Scientific research now supports the use of proven therapies to prevent osteoporotic fractures based on the individual's probability of fracture as opposed to their bone density score alone.

This new concept has been validated to ensure its accuracy and reproducibility by a WHO working group (established in 1998) in collaboration with IOF and the (US) National Osteoporosis Foundation. The  easy-to-use fracture risk assessment tool for family physicians to use with patients of both sexes, all ages, ethnic groups and in all countries is called the FRAXTM - WHO Fracture Risk Assessment Tool.

 

Below is an overview of the concept behind the WHO approach to fracture risk assessment .

 

Background and overview

 

For many years bone mineral density measurements have provided the standard method of assessing the risk of fracture, based on the WHO classification of osteoporosis as a bone mineral density 2.5 standard deviations or more below the BMD of a young individual (T-score²-2.5). However, this approach captures only a small proportion of those individuals who will suffer a fracture and hence if treatment is targeted only at such individuals, the global impact of intervention will not be as efficient.
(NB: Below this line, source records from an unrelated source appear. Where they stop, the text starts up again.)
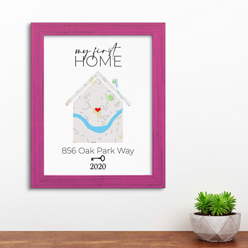 Owning a home is no small feat. Celebrate a loved one’s achievement of purchasing their first home with our First Home Map Print. Featured on this personalized housewarming gift is an outline of a house which has a map of the home’s location highlighted front and center. The words “My First Home” for an individual or “Our First Home” for a couple appear at the top of the print with either an address or a name(s) beneath the house. Lastly a year, and a key with either a rounded end or a heart shaped end, can be included at the bottom. We will print your First Time Home Buyers Map Art on premium canvas and frame your artwork in the solid wood frame of your choice. Makes a thoughtful, one-of-a-kind gift idea for the couple or individual in your life who purchased their first home, as a keepsake of their accomplishment!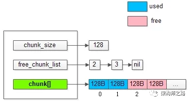 会从最接近item大小的slab的chunk[]中,通过free_chunk_list快速找到对应的chunk。如上图所示,与item大小最接近的chunk是128B。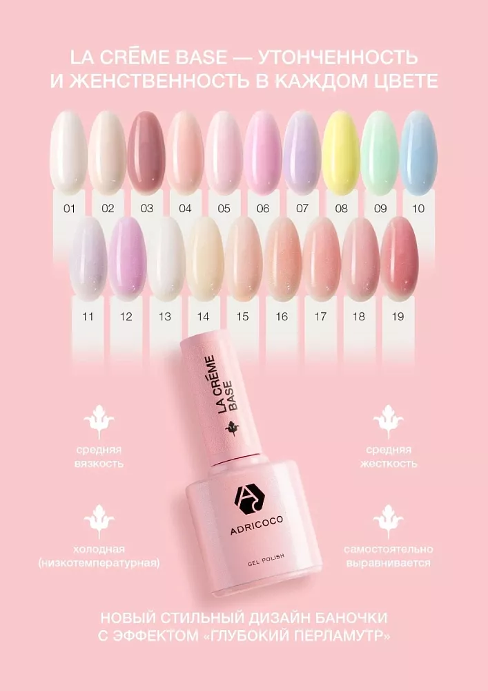 1. Подготовить ногтевую пластину. 2. Нанести La creme base в два слоя, каждый из которых полимеризовать в лампе. LED – 1 мин. / УФ – 2 мин. 3. Нанести закрепитель, просушить в лампе. LED – 1 мин. / УФ – 2 мин.

Hip fracture risk is five times higher at age 80 than at age 50, although both individuals may have the same BMD values

Assessment of fracture risk can be improved by the use of clinical risk factors which act independently of bone mineral density to increase the risk of fracture, and this forms the basis of the WHO approach. The aims are to optimize sensitivity (i.e. detection rate) of fracture risk prediction using a case finding strategy in men and women that can be widely implemented in primary care.

 

To achieve this, the predictive value of clinical risk factors has been studied in a number of large, prospectively studied population-based cohorts with a broad geographical representation. In total, 59,232 men and women have been studied to provide information over nearly 250,000 ‘person years’.

 

Easily identifiable risk factors shown to improve the prediction of fracture risk include the following:

  • age
  • previous fracture
  • family history of hip fracture
  • glucocorticoid (steroid) use
  • current smoking
  • alcohol use >2 units/day
  • rheumatoid arthritis

Individually the presence of these risk factors were shown to increase the risk of hip fracture at least 1.5 to 2-fold after adjustment for bone mineral density.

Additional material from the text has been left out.